> _PROBLEM REQUIREMENTS_
Pictures excluded, copy every record that follows exactly as it appears.
** RECORDS SUPPLIED follows **
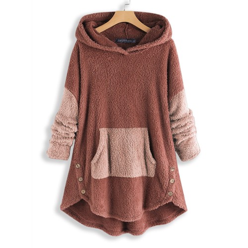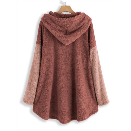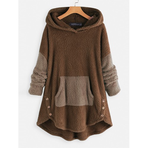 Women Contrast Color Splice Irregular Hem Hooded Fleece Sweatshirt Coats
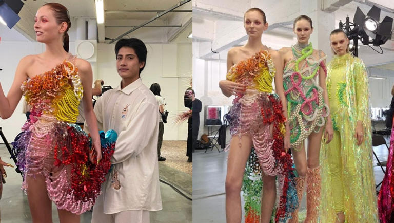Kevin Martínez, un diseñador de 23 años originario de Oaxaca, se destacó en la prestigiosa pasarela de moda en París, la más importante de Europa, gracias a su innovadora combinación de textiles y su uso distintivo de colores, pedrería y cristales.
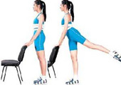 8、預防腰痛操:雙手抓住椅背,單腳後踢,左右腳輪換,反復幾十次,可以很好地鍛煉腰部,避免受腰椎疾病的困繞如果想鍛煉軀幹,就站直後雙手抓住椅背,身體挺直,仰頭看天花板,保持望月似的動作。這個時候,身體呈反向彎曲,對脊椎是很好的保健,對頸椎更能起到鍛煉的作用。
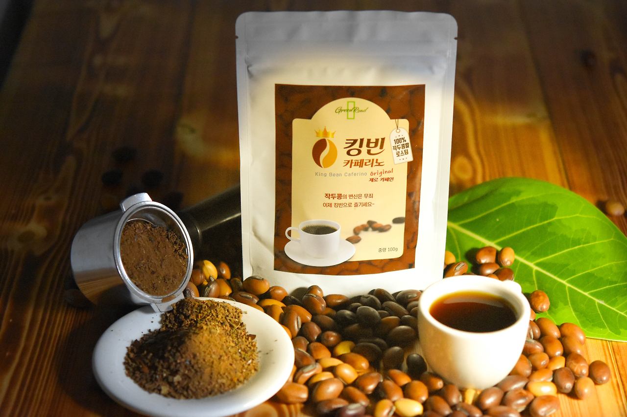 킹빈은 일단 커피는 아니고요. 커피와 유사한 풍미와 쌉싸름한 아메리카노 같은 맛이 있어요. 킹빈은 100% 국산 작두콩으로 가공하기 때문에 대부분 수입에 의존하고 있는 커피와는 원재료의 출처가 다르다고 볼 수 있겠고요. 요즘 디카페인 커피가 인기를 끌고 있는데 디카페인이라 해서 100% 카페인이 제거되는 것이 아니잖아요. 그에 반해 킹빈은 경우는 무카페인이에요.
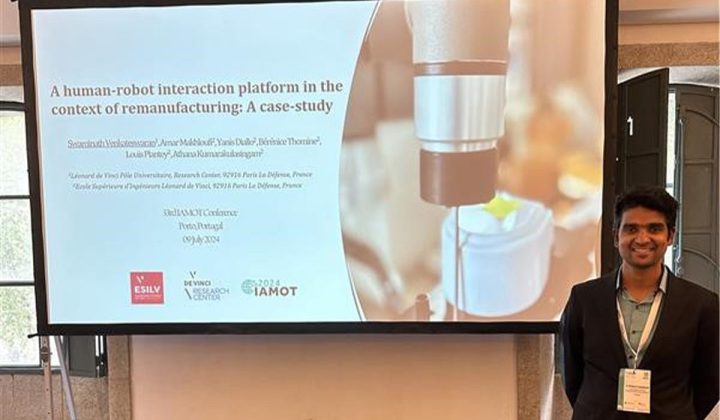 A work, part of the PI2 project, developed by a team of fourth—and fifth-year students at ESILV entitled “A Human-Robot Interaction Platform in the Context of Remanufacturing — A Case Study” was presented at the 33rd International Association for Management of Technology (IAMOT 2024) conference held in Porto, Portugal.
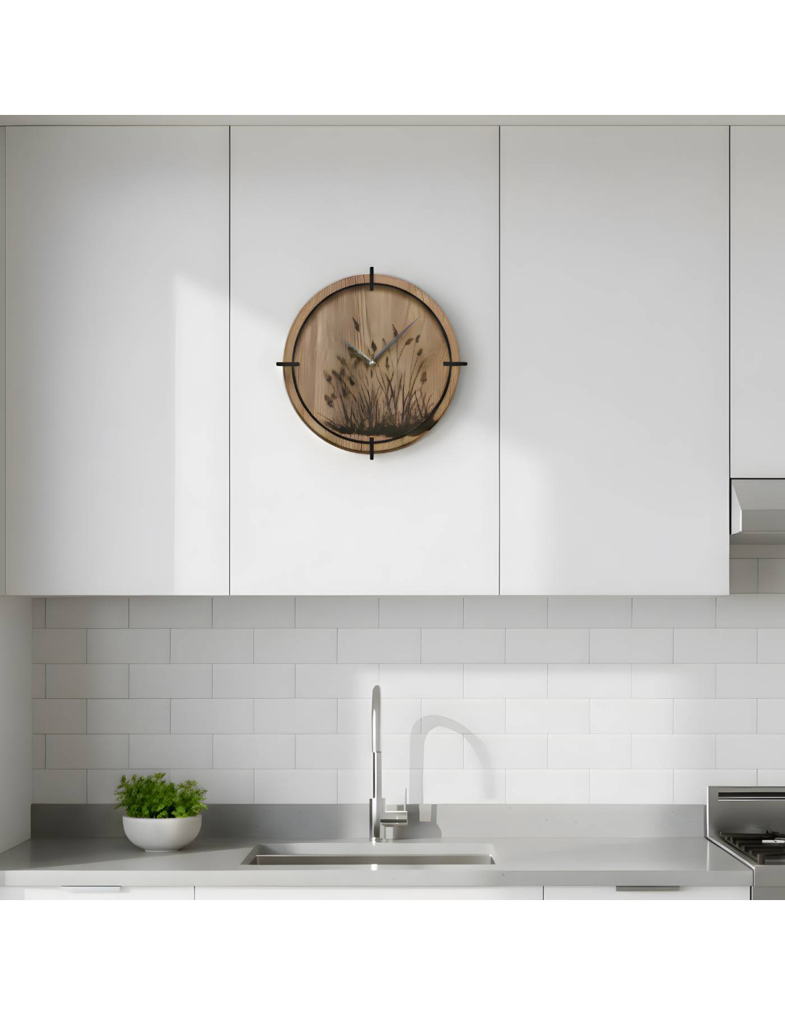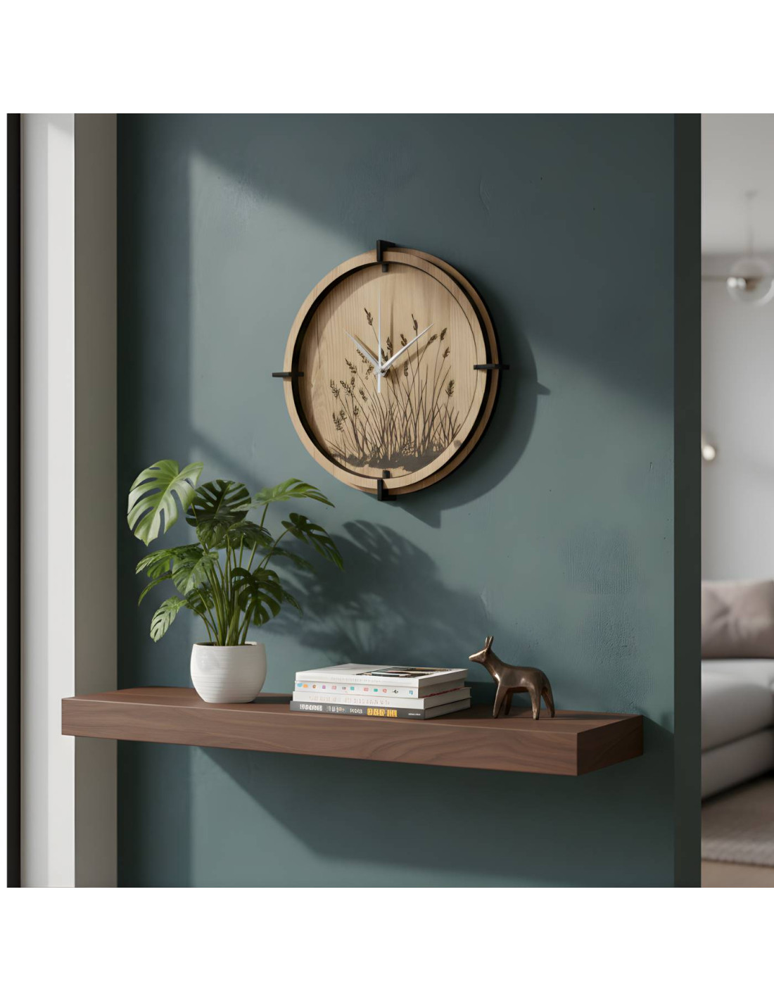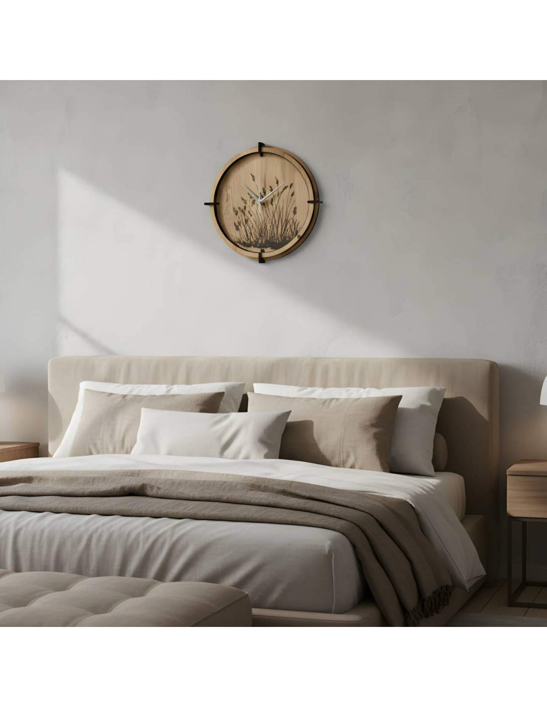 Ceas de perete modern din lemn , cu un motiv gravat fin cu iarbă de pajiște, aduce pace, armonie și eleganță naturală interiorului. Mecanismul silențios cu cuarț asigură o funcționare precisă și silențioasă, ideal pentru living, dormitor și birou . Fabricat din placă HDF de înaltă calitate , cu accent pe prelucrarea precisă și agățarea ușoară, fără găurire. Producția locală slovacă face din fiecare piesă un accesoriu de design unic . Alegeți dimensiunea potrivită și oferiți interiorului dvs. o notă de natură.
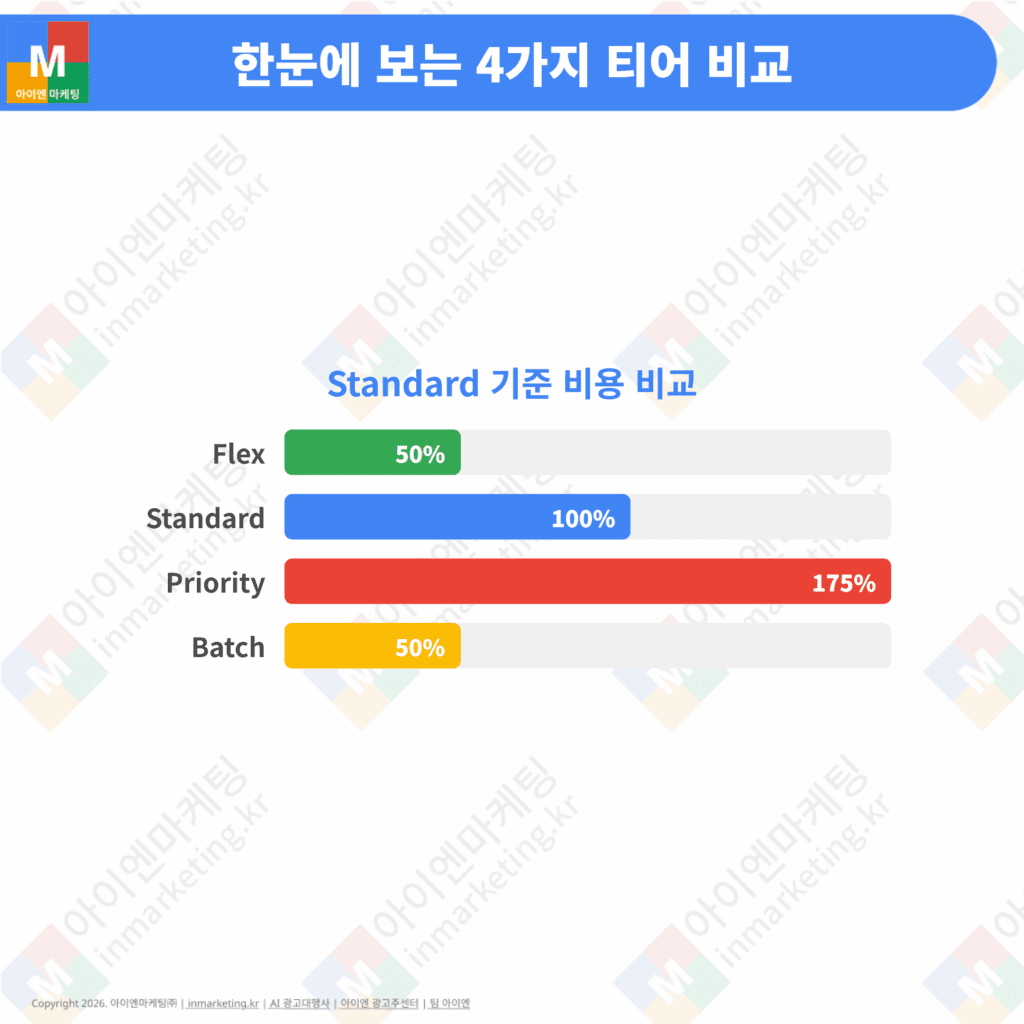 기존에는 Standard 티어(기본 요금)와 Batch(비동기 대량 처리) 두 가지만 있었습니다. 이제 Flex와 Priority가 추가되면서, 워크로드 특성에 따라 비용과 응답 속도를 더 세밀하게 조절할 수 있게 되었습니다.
** End of RECORDS SUPPLIED **
> _ANSWER TO THE PROBLEM_
 Women Contrast Color Splice Irregular Hem Hooded Fleece Sweatshirt Coats
Kevin Martínez, un diseñador de 23 años originario de Oaxaca, se destacó en la prestigiosa pasarela de moda en París, la más importante de Europa, gracias a su innovadora combinación de textiles y su uso distintivo de colores, pedrería y cristales.
 8、預防腰痛操:雙手抓住椅背,單腳後踢,左右腳輪換,反復幾十次,可以很好地鍛煉腰部,避免受腰椎疾病的困繞如果想鍛煉軀幹,就站直後雙手抓住椅背,身體挺直,仰頭看天花板,保持望月似的動作。這個時候,身體呈反向彎曲,對脊椎是很好的保健,對頸椎更能起到鍛煉的作用。
 킹빈은 일단 커피는 아니고요. 커피와 유사한 풍미와 쌉싸름한 아메리카노 같은 맛이 있어요. 킹빈은 100% 국산 작두콩으로 가공하기 때문에 대부분 수입에 의존하고 있는 커피와는 원재료의 출처가 다르다고 볼 수 있겠고요. 요즘 디카페인 커피가 인기를 끌고 있는데 디카페인이라 해서 100% 카페인이 제거되는 것이 아니잖아요. 그에 반해 킹빈은 경우는 무카페인이에요.
 A work, part of the PI2 project, developed by a team of fourth—and fifth-year students at ESILV entitled “A Human-Robot Interaction Platform in the Context of Remanufacturing — A Case Study” was presented at the 33rd International Association for Management of Technology (IAMOT 2024) conference held in Porto, Portugal.
 Ceas de perete modern din lemn , cu un motiv gravat fin cu iarbă de pajiște, aduce pace, armonie și eleganță naturală interiorului. Mecanismul silențios cu cuarț asigură o funcționare precisă și silențioasă, ideal pentru living, dormitor și birou . Fabricat din placă HDF de înaltă calitate , cu accent pe prelucrarea precisă și agățarea ușoară, fără găurire. Producția locală slovacă face din fiecare piesă un accesoriu de design unic . Alegeți dimensiunea potrivită și oferiți interiorului dvs. o notă de natură.
 기존에는 Standard 티어(기본 요금)와 Batch(비동기 대량 처리) 두 가지만 있었습니다. 이제 Flex와 Priority가 추가되면서, 워크로드 특성에 따라 비용과 응답 속도를 더 세밀하게 조절할 수 있게 되었습니다.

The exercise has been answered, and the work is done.